Beneficiari indiretti sono tutti i giovani lavoratori, o in procinto di inserimento nel mondo professionale, che usufruiranno delle ricadute in termini di sviluppo comunitario. Inoltre, verrà coinvolto in un percorso di sviluppo e di empowerment l’intera rete sociale attivata dal Progetto: Categorie di Settore, Sindacati, Istituzioni Territoriali di ambito politico ed economico.

Che attività sono previste?

Le attività sono distribuite in tre fasi di progettazione distinte in: indagine sociale, animazione territoriale e intervento organizzativo.

  1. In un primo step sarà condotta un’indagine sociale volta ad esplorare, capire e mappare la situazione del cosiddetto lavoro atipico nel Salento. Con l’ausilio delle principali istituzioni economiche del territorio (Conf-commercio, Camera di Commercio, Associazioni di Categorie, Sindacati, ATS) verranno rilevati dati sulla diffusione delle forme di contratti alternativi, elaborati statisticamente, rappresentati e interpretati in forma di report per una loro diffusione sul territorio. Verranno evidenziate mappe di opportunità, fabbisogni manifesti o latenti, criticità e punti di forza del mercato locale.
  2. A seguire si svolgeranno interventi informativi-formativi-consulenziali inerenti le dimensioni politiche, economiche e psico-sociali delle forme contrattuali alternative. Sarà realizzato un Convegno in cui presentare i risultati della fase di indagine e attivare un dibattito istituzionale con la partecipazione di importanti esponenti dell’istituzioni del territorio e di professionisti delle principali tematiche trattate. Seguiranno alcuni workshop di approfondimento in cui discutere con i giovani under-35 del territorio alcune importanti tematiche inerenti il lavoro atipico, tra le normative vigenti in ambito di contrattualistico, le strategie di ricerca del lavoro, orientamento e career counseling, inserimento professionale, i rischi psico-sociali, conciliazione e diversity management, life long learning.
  3. Infine, verranno coinvolte alcune realtà aziendali, in qualità di “cantieri pilota”, in cui declinare ed empiricamente validare alcuni assunti di gestione delle risorse umane nel lavoro flessibile.

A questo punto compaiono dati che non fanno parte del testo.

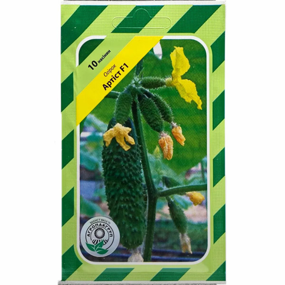 Огірок Артіст F1 - дуже ранній гібридний сорт. З хорошою врожайністю, як у відкритому ґрунті так і в тепличних приміщеннях. Дозрівання настає на 42 день після посіву. Рослина розвивається у формі куща висотою не більше 20 сантиметрів, з міцним стеблом та розширеною кореневою системою. В кожній листовій пазусі формується по 6 плодів. Розмір огірків невеликий, масою понад 80 грам. Поверхня плоду з шипами. Огірок Артіст F1 є витривалим до слабкого освітлення та технічних пошкоджень. Смак без гіркоти дозволяє сповна насолодитись плодами Артіст F1 у свіжому вигляді.

Incontrando la complessità degli scenari organizzativi, verranno gestiti gli aspetti normativi, di gestione e psico-sociali con riferimento, in particolare, alle forme contrattuali atipiche. L’obiettivo finale sarà l’attivazione di piani di sviluppo strategico delle prassi operative in un’ottica di benessere organizzativo, responsabilità sociale di impresa e competitività aziendale. Verrà strutturato un percorso contestualizzato in cui alternare momenti di raccolta dati del contesto (work-flow, job analysis, analisi della cultura organizzativa e dei fattori di rischio psico-sociali) a momenti di riflessione condivisa attraverso gruppi di lavoro, discussione dei casi e realizzazione di artefatti e prassi innovativi.